As we hustle to and fro keeping everyone in order like a pace car gone mad, we can see the different performances of the AI cars begin to show - and their true strengths and weakness simulated for us as we push their stats to the max and the particular AI car try to find the optimum lines for the particular car on this track.
This helps us assess the cars.
Luna in the slowest Evo, for instance is awful through the corners, but boy, does he make up for it on the straights - like a tortoise on steroids.
Gold rabbits
Jokela, Maxwell, Dekker - they all have fast cars, and so do Silver rabbits
Gill and
Gilliam, but
Bieke and
de Vries are mid-pace Bronzes.
Hoffman hangs behind the mid-pacers while
Luna makes a big scene of being a back-marker - and of course just balking to be taken up front.

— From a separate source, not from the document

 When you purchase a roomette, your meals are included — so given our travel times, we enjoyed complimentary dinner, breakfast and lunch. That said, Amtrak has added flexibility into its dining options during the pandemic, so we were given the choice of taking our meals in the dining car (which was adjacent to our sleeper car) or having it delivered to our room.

The handicap is usually set so that
Luna is at the back, so that makes it doubly difficult - slow car given a fast car's handicap.
Meanwhile - don't trust
Jensen! His WRX STi has the perfect handicap; he is in last position and will arrive at the finishing line right on time to challenge the leaders at the line. I have to buy what he is driving.
As for
Aparicio in the M-Spec Nur - he has to be sent to the back right away. The guy is a monster. Obviously the car is. Don't take your eyes off
Araki in the Sport Wagon STi. One moment he's dawdling around but the next moment as sooon as a scuffle starts between anybody he dissappears and ends up right in the middle of all the Evos you've lined up. And maybe 1 lap to go. With
Luna and
Hoffmann trailing and
Jensen or
Aparacio breathing down their necks and trying to cut the last Evos off at the finishing line.
Meanwhile you are trying to win with one eye on the mirror.

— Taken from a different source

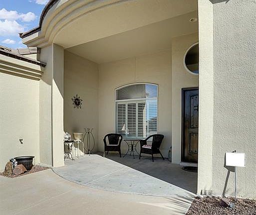 Beautiful Sanderson resale. This is the ideal house to come home to. This house features a beautiful pool & hot tub on a a cul-de-sac lot! The north facing backyard also includes a pergola covered outdoor kitchen and covered patio to keep your outdoor entertaining cool and comfortable. The open concept great room, kitchen and breakfast nook keeps everyone in view. The kitchen has stainless steel appliances, double ovens and the refrigerator which will stay. 4 Bedrooms 2.5 bathrooms assure room enough for everyone . The master suite is secluded from the other rooms and has an exterior door to the backyard, huge walk-in close, double sink vanity, separate shower and bubble tub. The front of the house boasts of a roomy formal living room and dining room.
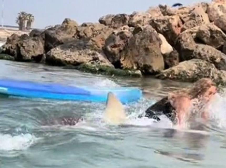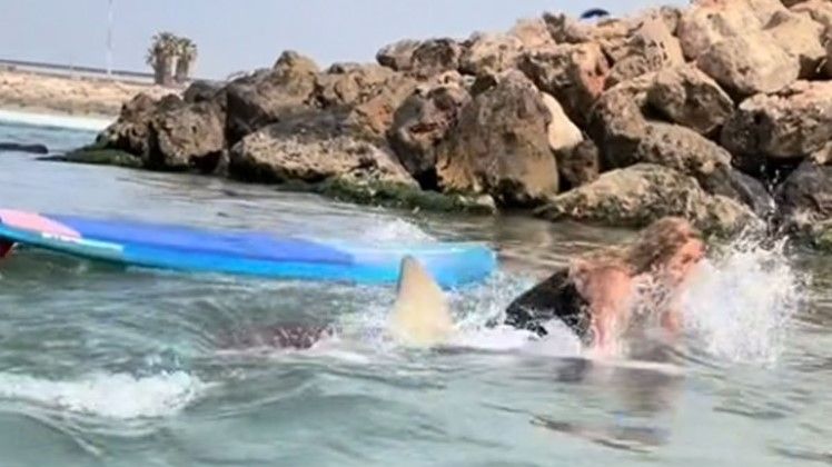U njenoj blizini nalazi se ajkula, a ona u jednom trenutku gubi ravnotežu i pada pravo na morsku neman!

Not exactly a point to point zone-out for sure; was a lot of fun and developed a lot of driving skills, especially utmost control of the car one is driving, and the ability to make lightning-fast decisions on the fly while having a 360 degree focus on everything around. Timing is critical throughout the whole exercise - and instant recognition of teammates or opponents in the thick of a melee is a priority.
Thanks for the entry - but I'm afraid for now you are in 3rd Place on the leaderboard, too - so you'll have to get back and battle those Subies and GT-Rs again while baby-sitting a really diverse set of Evos to the line if you want to clinch the title.

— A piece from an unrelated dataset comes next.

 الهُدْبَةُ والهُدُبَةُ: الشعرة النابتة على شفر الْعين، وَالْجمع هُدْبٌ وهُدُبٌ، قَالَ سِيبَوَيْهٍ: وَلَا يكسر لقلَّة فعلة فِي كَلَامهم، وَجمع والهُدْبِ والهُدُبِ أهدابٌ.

Well, when it gave me 6 Evos, I stuck around and played with them for several races, bringing 5 in plus me for a fast win, as well as checking out what to do with
Luna who was the 6th Evo in the line-up and stuck in the back end with me.
Maxwell and
Dekker were up in front - fast runners, and had to be reeled back quick before they got away.
Sprinkled in the middle of the field were opponents-
Palumbo in the red Skyline, and
Rios and
Nyman in Subies - pests! And I'm assuming these three guys are Silver rabbits from the speed they make it from mid-pack up to the front.
Meanwhile I'm trying to catch them and hold them off so
Luna can get by and join the pack, but
Luna - first -
hates to pass if there is even the slightest disturbance in front of him - and second, when he
does pass is as slow as molasses on a frigid day in trying to get to the front.
Now I have to get
Luna to the front, fend off the attacks from the Subies and Skylines, and then try to overtake everybody at the line hoping that
Luna doesn't get bit in the butt by
Jensen in the Subie and drop my Evo count - because I'm shooting for 7.
Right. 7 Evos. At the line. With me in front.
When does that happen IRL?
Unfortunately, after such a masterful command of the race, I have to move aside for
The Gullwing Commander himself. He's in 1st Place with 7 Evos at the line, too - and with a much faster time.
For the moment it seems like the
Gullwing Commander has command of the Commander titles, too.
Here you go photon.
I give up on that last guy and settle for seven. He is just too slow to keep up.
View attachment 387830
Ah! Yes . . . you were talking about
Luna, I suppose.
Wonder who hired that guy into this fabulously successful Mitsubishi team. Must have been out at sea.